Но вот есть место, где можно снять ботинок, чтобы вытряхнуть его. Проклятие! Это уж чересчур даже для такого терпеливого человека, как я: шнурок неудачно дернулся и образовался глухой узел, без очков его не удается развязать… Распутал, и молнией промелькнула мысль о Тийю: ушла и даже адреса не оставила, ни строчки… и почему не могла меня разбудить? Не хотела? Тогда чего ради появилась? Приходят, когда хотят; уходят не прощаясь… Манерочки! А ты тут один возишься со шнурком в городе, в котором ни для кого ничего не значишь, ибо Таймо не в счет. Таймо… Это Душа человеческая — мир в мире. Если я умру, она меня похоронит, наверное, рядом с отцом. Я для нее стал своим даже больше, чем остальные родственники (исключая брата в Канаде), ведь я ее подзащитный, и она тоже называет меня лапе — ребенок. Я говорю «и она», потому что Зайчишка называла меня Лапседом.
Я даже сам в то время забывал свое имя, настолько привык к тому, как она меня называла. «Вас как зовут?» — спрашивают меня. И я отвечаю: «Лапсед» «Странное у вас имя», — говорят мне. А я объясняю: так меня прозвала жена. «А что это означает?» И я объясняю, что лапе по-эстонски — ребенок.

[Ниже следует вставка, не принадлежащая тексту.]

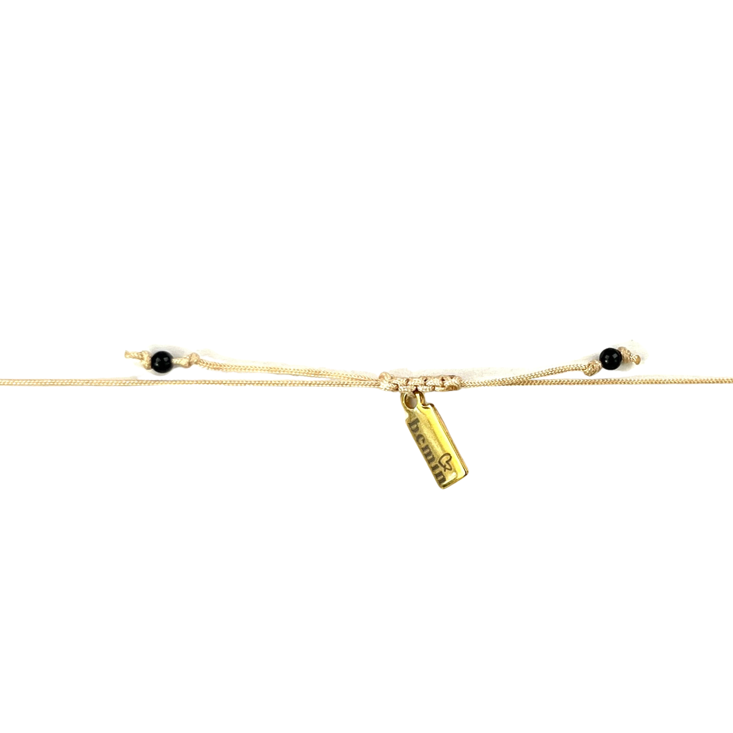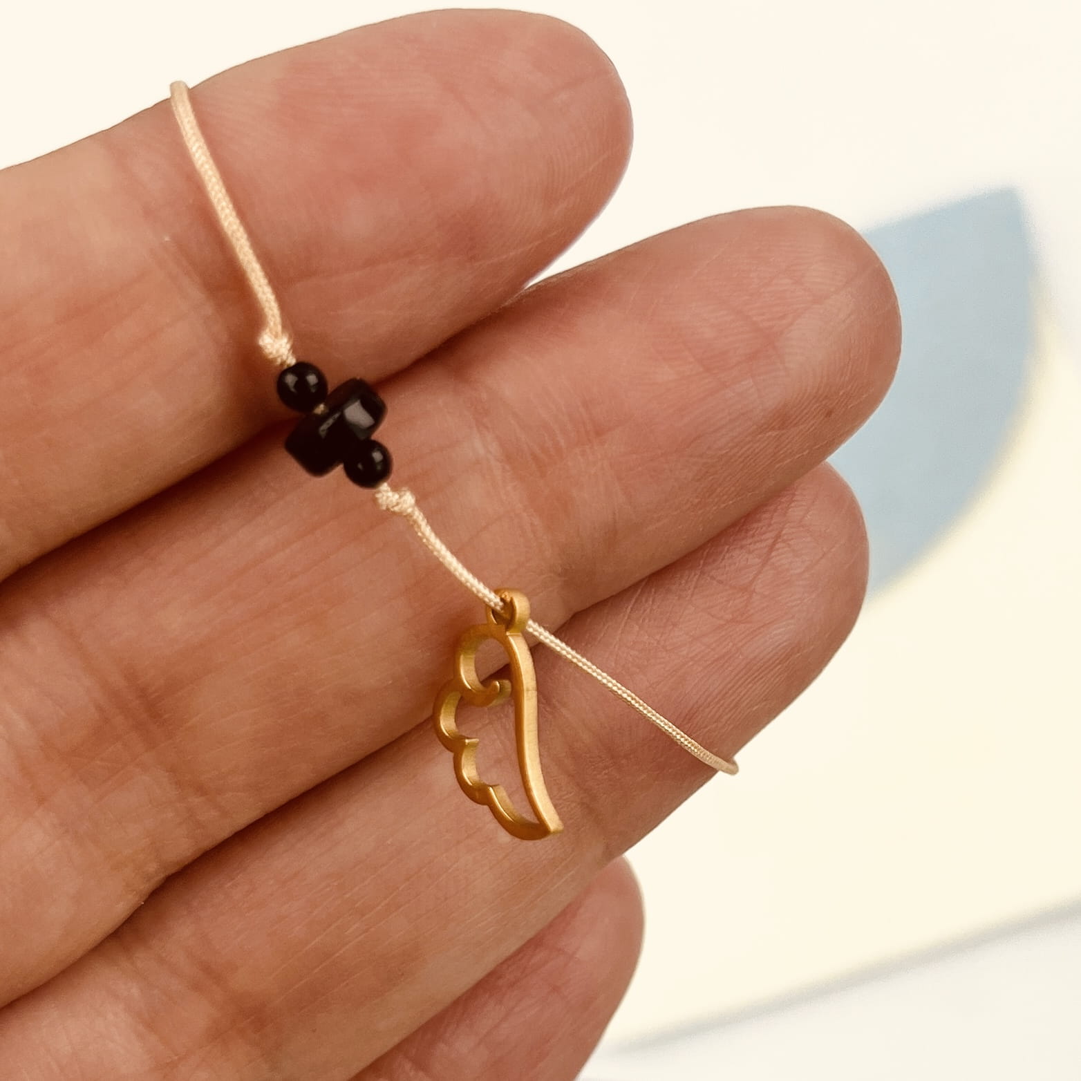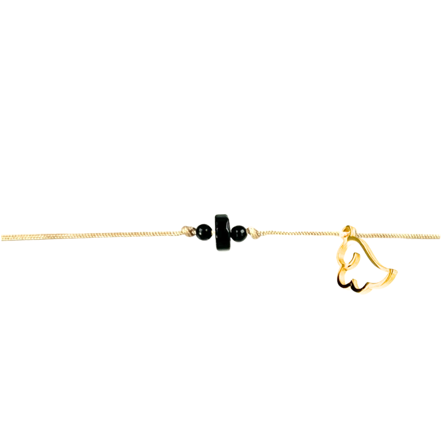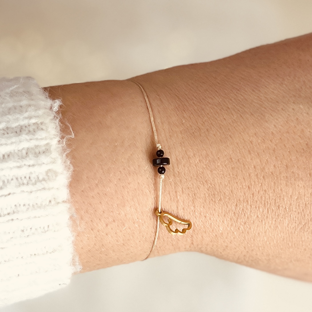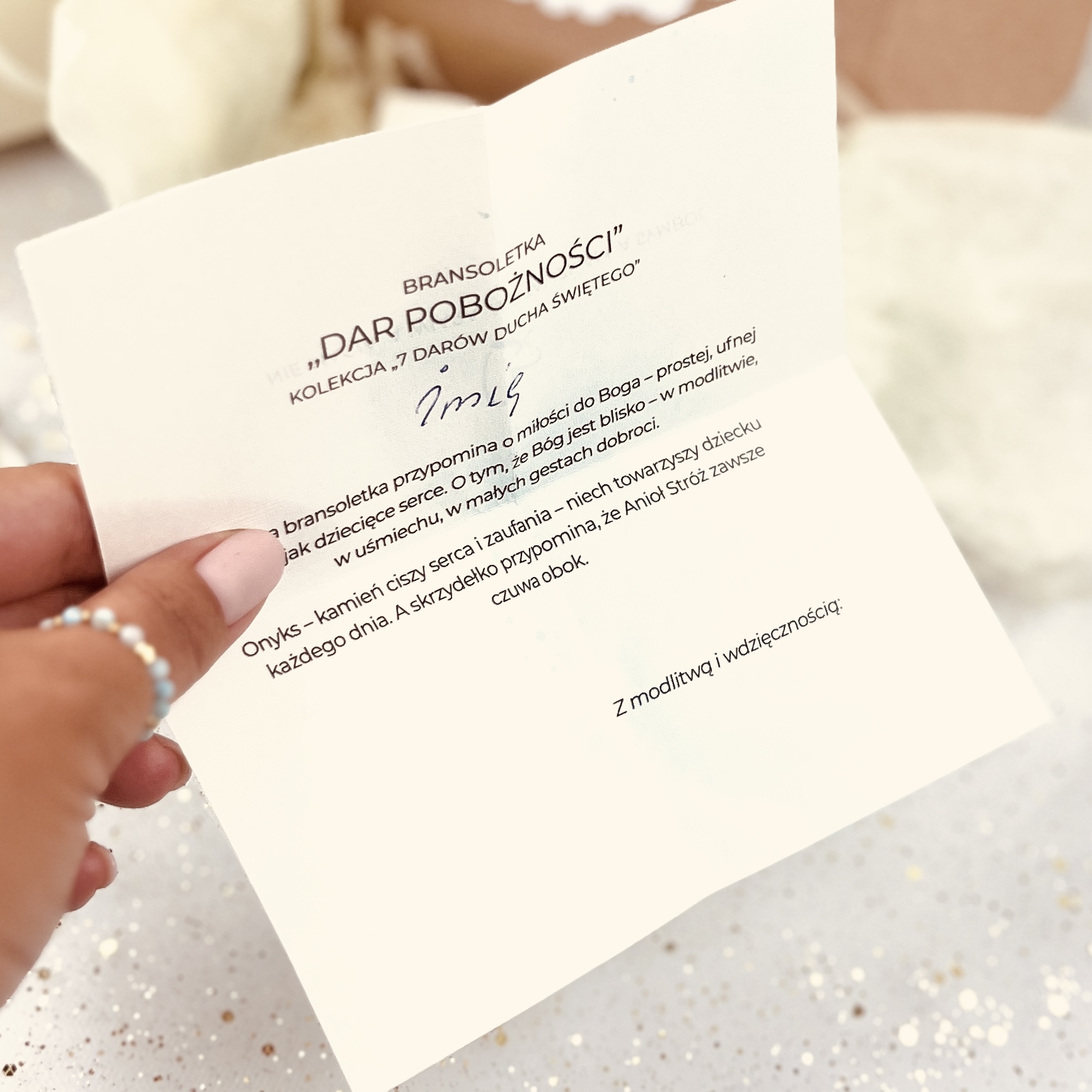 Subtelne zestawienie form — talarek onyksu i drobne kulki — tworzy rytmiczną kompozycję, która symbolizuje modlitwę, wierność i wewnętrzną harmonię. Delikatna zawieszka w kształcie skrzydełka przypomina o Bożej opiece i cichej obecności, która towarzyszy każdego dnia.

В Эстонии по радио передают поздравления юбилярам от их детей, внуков и правнуков, и если лапе — ребенок, значит, лапсе лапе — внук, а в буквальном переводе — ребенкин ребенок. Правнук — лапсе лапсе лапе. А дети во множестве — лапсед. Однажды по радио все звучало: лапе, лапсед и так далее, и Зайчик спросила, что это означает. Она очень смеялась и с тех пор стала называть меня Лапсед или Лапседик, давая понять, что я не просто ребенок, а ребенкин ребенкин ребенок, то есть из детей наименьший. Но когда это было? Миллион лет назад.
А теперь я как раз поравнялся с тем винным магазином, что рядом со штабом добровольной народной дружины, напротив бункера, который стоит по соседству с ночной монополией. В дружной семье живем, подумал я зло, удивляясь длинной очереди в магазин — редкому здесь явлению, ибо отпускают две продавщицы с большой скоростью, без лишних слов, не признавая ни знакомых, ни родственников, чтобы не отвлекаться на продажу кому-нибудь без очереди. Это московские штучки — болтовня на работе да панибратство. Здесь очередь — дело святое, ее все обязаны соблюдать.
— Что бы это значило? — спрашиваю последнего.
— Говорят, водка подорожает, — отвечает тот, — в два раза. Ведь новое руководство…
Действительно, люди выходят с полными сумками водки и «бормотушки» — кто что тащит, но тащит много. Это смешно, на всю жизнь все равно не запасешься.